De acordo com Francisco Carlos Simioni, diretor do Deral, as áreas mais afetadas estão nos municípios de Toledo e Cascavel, regiões que, juntas, respondem por cerca de 37% dessa safra com 570 mil hectares plantados em um total de quase 1,5 milhões de hectares em todo o Estado. "Foi a estiagem que provocou a queda", disse. Simioni alerta que ainda existem áreas suscetíveis a geadas: são cerca de 700 mil hectares nas regiões de Campo Mourão, Cascavel, Maringá e Toledo. Juntas, elas representam 67% da área e 75% da produção total estimada, segundo o Deral.

A quebra da safra pode impulsionar as cotações ou pelo menos inibir novas quedas no preço dos grãos. Em junho, os produtos postos em Campinas sofreram redução de 2,41%. "Os preços do milho seguiram em queda nos últimos dias devido à maior oferta do produto por conta do avanço da colheita no Brasil. Além disso, a menor demanda para exportação pressionou as cotações internas", avaliou Lucilio Alves, pesquisador do Centro de Estudos Avançados em Economia Aplicada (Cepea).

O feijão é outro produto que vinha sofrendo perdas e com a diminuição da oferta começa a dar sinais de recuperação nos preços.

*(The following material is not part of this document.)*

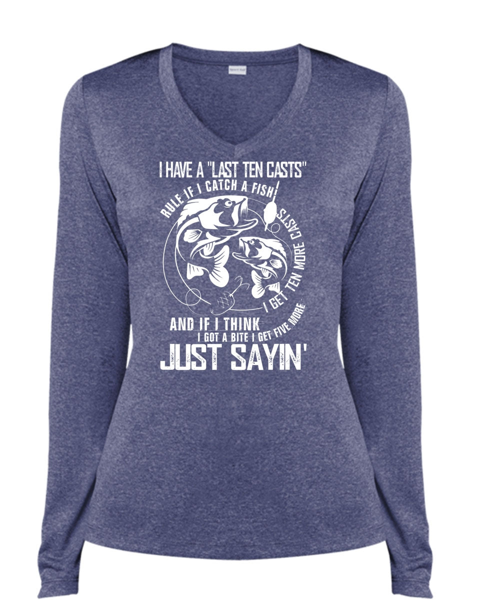I Catch A Fish T Shirt, Being A Fisher T Shirt, Cool Shirt (Ladies LS Heather V-Neck)

De acordo com a Federação de Agricultura e Pecuária do Goiás (Faeg), as perdas de safra no Paraná e a tendência de redução de plantio na terceira safra nacional vão contribuindo para a maior procura dos compradores pelos melhores tipos de carioca. O levantamento do Deral indica uma quebra de 22% na segunda safra em razão da falta de chuvas. O Estado colheu apenas 350 mil toneladas das 450 mil toneladas esperadas inicialmente. O reflexo já é sentido nos preços. O mercado do carioca na Bolsinha de São Paulo iniciou a semana com R$ 5 a saca de alta, negociado entre R$ 105 a R$ 110 a saca.

O excesso de chuvas também já deixa suas marcas na safra vigente. Na região Sul do Estado de Minas Gerais, principal produtora de café do País, os cafeicultores estão contabilizando os prejuízos após as lavouras terem sido atingidas por granizo no último fim de semana. Os ventos fortes chegaram a danificar um dos armazéns da Cooperativa Regional dos Cafeicultores de Guaxupé (Cooxupé), maior cooperativa de café do Brasil. Outros segmentos do agronegócio também contabilizam danos. Em Minas, a chuva de granizo destruiu um milhão de pés de morango. Segundo o Sindicato dos Produtores Rurais, a perda equivale a R$ 2 milhões.

A Somar Meteorologia adverte os agricultores que uma forte onda de frio deve alcançar as áreas produtoras de café na segunda semana de julho. Além de Minas, São Paulo e Paraná também devem ficar alertas.

Estados Unidos

O levantamento divulgado ontem pelo Departamento de Agricultura dos Estados Unidos (USDA) surpreendeu o mercado e derrubou o preço dos grãos. O aumento na previsão de área para o milho, que deverá chegará a 87,03 milhões de acres, ante 84,9 milhões previstos em março, provocou o limite de baixa no cereal. A tendência baixista acabou contaminando o mercado de soja que não apresentou baixas apenas para o contrato mais curto, no mês de julho. Os contratos da soja em grão com vencimento em agosto e novembro encerraram com baixa de 2,75 centavos de dólar por bushel e 2,50 centavos, respectivamente.

O USDA informou ainda que 68% da soja estão em estado bom e excelente, maior que os 67% da semana passada e dos 58% do ano anterior na mesma data, o que deve inibir uma forte retomada dos preços nos próximos dias. O mesmo deve ocorrer para o cultivo de milho, com 72% em estado bom/excelente, contra 70% da projeção anterior e 61% em 2008.